Short version: I’m taking a job at Pobox doing software development, and moving to Philadelphia after the semester ends. I’m not giving up on music or music theory, but I won’t be teaching next year. Details after the jump.


I think most of the people that read this blog are music theorists or people that know me personally. If that’s not you and instead you’re a programmer that’s found themselves here, you might find this other post more enlightening.

I have a PhD in music theory.1 While I was doing my PhD, I happened into programming as a way of getting out of taking French. (At Indiana, you can take either two foreign languages or a foreign language and a research skill, and my knowing computers is much more useful than my knowing French.) This has led to any number of side gigs: I’ve done various music-related programming things for Music Theory Online, the SMT, CHMTL, and a handful of others, and it helped pay the bills in grad school.

I’ve always kept one eye open for interesting programming jobs, and so when this job came open at the beginning of March I jumped on it. (Yes, academics, you read that correctly: I applied for the job in the second week of March and accepted it the first week of April. On the same day I accepted, I got a rejection letter for an academic job I’d applied to in September.) I’m really excited, and I’m ready to dive in to a new adventure.


(This is an announcment post, so no one has actually asked any questions, but these are questions I can imagine people having.)

What is Pobox? Pobox is an email company; I’ve been using them for my personal email for years. As of 2015, they are a service of FastMail, which is another great email company headquartered in Melbourne, Australia.

Why did you want to work for Pobox? My favorite programming language is Perl. In learning Perl a while back, I learned that Pobox used Perl, and in fact contributes a lot to Perl development.2 When I started to consider looking for programming jobs, I had always thought “My ideal programming job would be something like Pobox,” and as it turns out that’s come to pass. Pobox and FastMail’s values also match really closely with my own, and all the people seem really great. (There are a lot of other reasons too, but that might be another post.)

Don’t you like music theory? I sure do! I spent a long time in school for it. I also really like programming. If I’d discovered it earlier, I might have wound up here sooner.

Do you regret getting a PhD in music theory? Thankfully, not at all. I didn’t go into debt to get the degree, and without it I probably never would have happened into programming in the first place. I have lots of close friends I met through theory, and music theory has paid the bills for nearly a decade now.

Are you leaving teaching forever? I’m not sure. I’m leaving it for now. If it turns out I can live a happy, fulfilling life without teaching chromatic harmony, then great!

Are you leaving academia entirely? No! I’m going to keep up my work with MTO and SMT, and I’m planning to go to this year’s SMT meeting in Alexandria (especially since it will be close!). I’d still like to do some research, though I’ll probably take a break for a bit while I get used to my new life.

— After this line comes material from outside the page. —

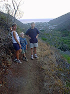 Om turen: Siri og Arne stakk fra ungene og dro av gårde for virkelig å gå på. Dette var en 15 mile tur med bra stigning (knapt 600 meter). Etter litt feilkjøring og feilgang kom vi inn på en fin sti langs en rygg innover en dal ovenfor Pearl Harbor. Det var en lang tur. Mye frukt, bl.a. jordbær-guava og vanlig guava, samt endel vi ikke kjente (sannsynligvis kart av avocado og mango), senket tempoet vårt i perioder.

Wait, didn’t you just publish an article? I did, last week! You can find it here: Transformations in Tonal Jazz.3

Are you just doing this because you couldn’t find an academic job? No. Although the academic job market can be pretty dismal4, as I mentioned above, I’ve always kept an eye out for interesting opportunities elsewhere. What I really love (and am good at, I think) is learning new things: programming offers a lot of new things to learn, and Pobox in particular offers a lot of opportunity for learning more about the field, while contributing to it at the same time.

Final thoughts

I’m excited to start a new chapter in my career and in our life.5 We don’t yet have all of the logistics worked out (especially moving again with a blind cat), and there is lots to do between now and the end of the semester. If you have more questions, I’m happy to talk! The easiest way to find me is either on Twitter (@mmcclimon), or via my email address, which is proudly hosted on Pobox!

  1. Actually, I have three degrees in music theory. My standard first-day-of-class joke is that qualifies me to do very little other than teach music theory to other people. As it turns out, that’s not entirely true.
  2. The erstwhile pumpking, Rik Signes (rjbs), is the person who hired me.
  3. This is more of a plug than a real question, I know.
  4. You knew that already.
  5. One more FAQ. Thankfully, the job pays enough so that Carolyn won’t have to do part-time adjunct work; she’s going to focus on writing her dissertation.